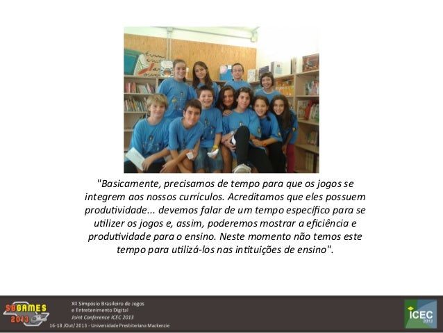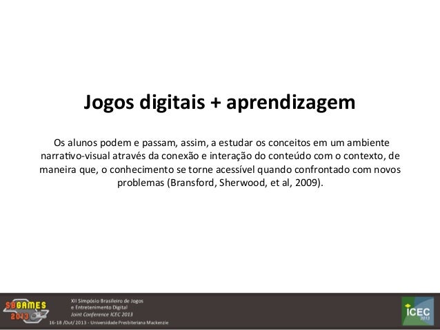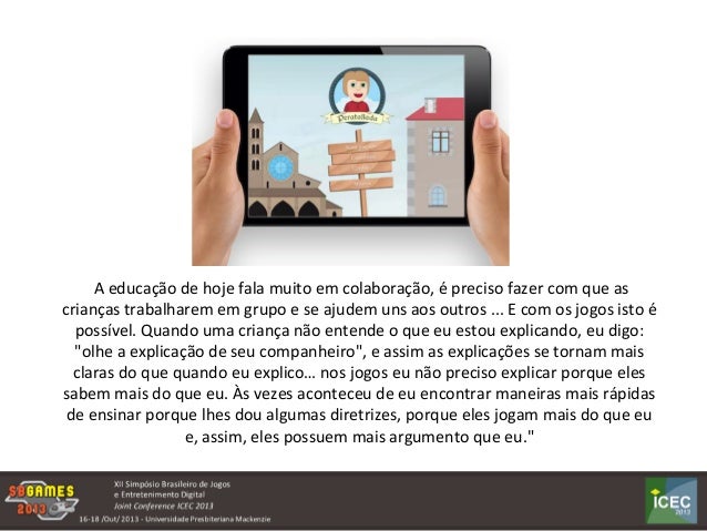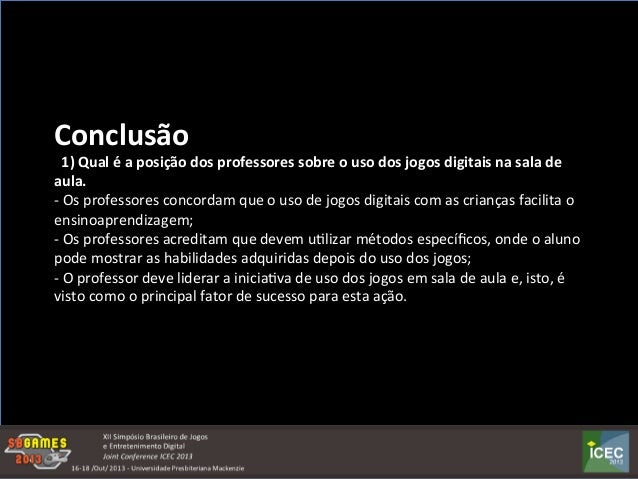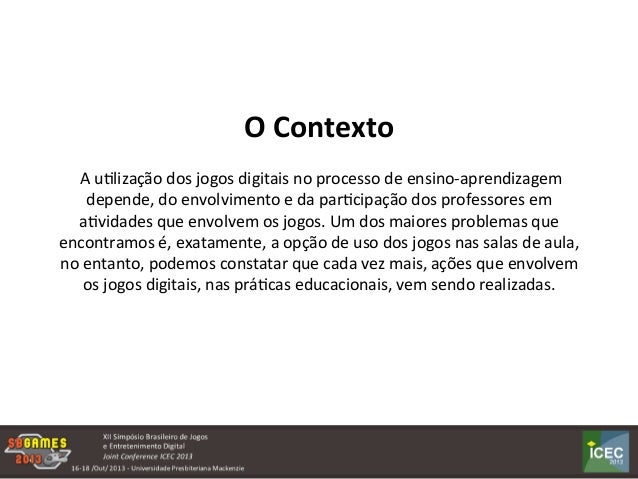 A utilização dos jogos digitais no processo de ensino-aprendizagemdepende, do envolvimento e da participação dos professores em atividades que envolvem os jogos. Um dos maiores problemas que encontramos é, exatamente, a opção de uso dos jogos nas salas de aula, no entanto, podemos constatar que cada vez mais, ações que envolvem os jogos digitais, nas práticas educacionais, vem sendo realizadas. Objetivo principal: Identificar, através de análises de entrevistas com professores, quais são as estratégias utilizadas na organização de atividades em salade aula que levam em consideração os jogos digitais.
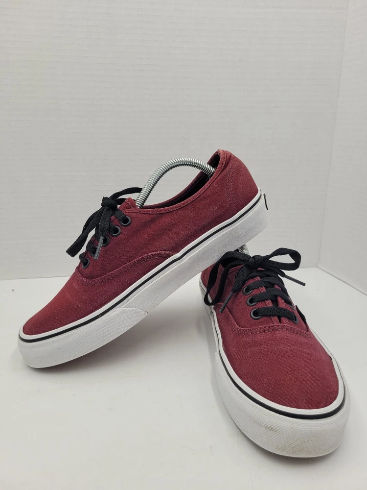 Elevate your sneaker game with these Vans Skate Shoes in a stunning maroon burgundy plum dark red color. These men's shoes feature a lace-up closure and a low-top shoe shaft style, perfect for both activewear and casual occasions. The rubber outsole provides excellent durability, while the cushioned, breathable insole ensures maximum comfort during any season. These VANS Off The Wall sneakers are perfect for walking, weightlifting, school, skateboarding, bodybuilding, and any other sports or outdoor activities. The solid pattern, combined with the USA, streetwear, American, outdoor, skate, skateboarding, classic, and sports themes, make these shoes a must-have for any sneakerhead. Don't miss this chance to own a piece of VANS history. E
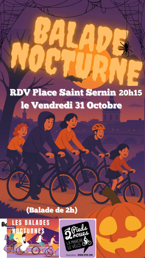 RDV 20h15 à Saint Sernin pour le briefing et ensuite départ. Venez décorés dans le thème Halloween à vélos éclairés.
====================
- [Problem details]: Down to the final line, restate the material above word for word, but omit its pictures.

- [Worked solution]:
 A utilização dos jogos digitais no processo de ensino-aprendizagemdepende, do envolvimento e da participação dos professores em atividades que envolvem os jogos. Um dos maiores problemas que encontramos é, exatamente, a opção de uso dos jogos nas salas de aula, no entanto, podemos constatar que cada vez mais, ações que envolvem os jogos digitais, nas práticas educacionais, vem sendo realizadas. Objetivo principal: Identificar, através de análises de entrevistas com professores, quais são as estratégias utilizadas na organização de atividades em salade aula que levam em consideração os jogos digitais.
 Elevate your sneaker game with these Vans Skate Shoes in a stunning maroon burgundy plum dark red color. These men's shoes feature a lace-up closure and a low-top shoe shaft style, perfect for both activewear and casual occasions. The rubber outsole provides excellent durability, while the cushioned, breathable insole ensures maximum comfort during any season. These VANS Off The Wall sneakers are perfect for walking, weightlifting, school, skateboarding, bodybuilding, and any other sports or outdoor activities. The solid pattern, combined with the USA, streetwear, American, outdoor, skate, skateboarding, classic, and sports themes, make these shoes a must-have for any sneakerhead. Don't miss this chance to own a piece of VANS history. E
 RDV 20h15 à Saint Sernin pour le briefing et ensuite départ. Venez décorés dans le thème Halloween à vélos éclairés.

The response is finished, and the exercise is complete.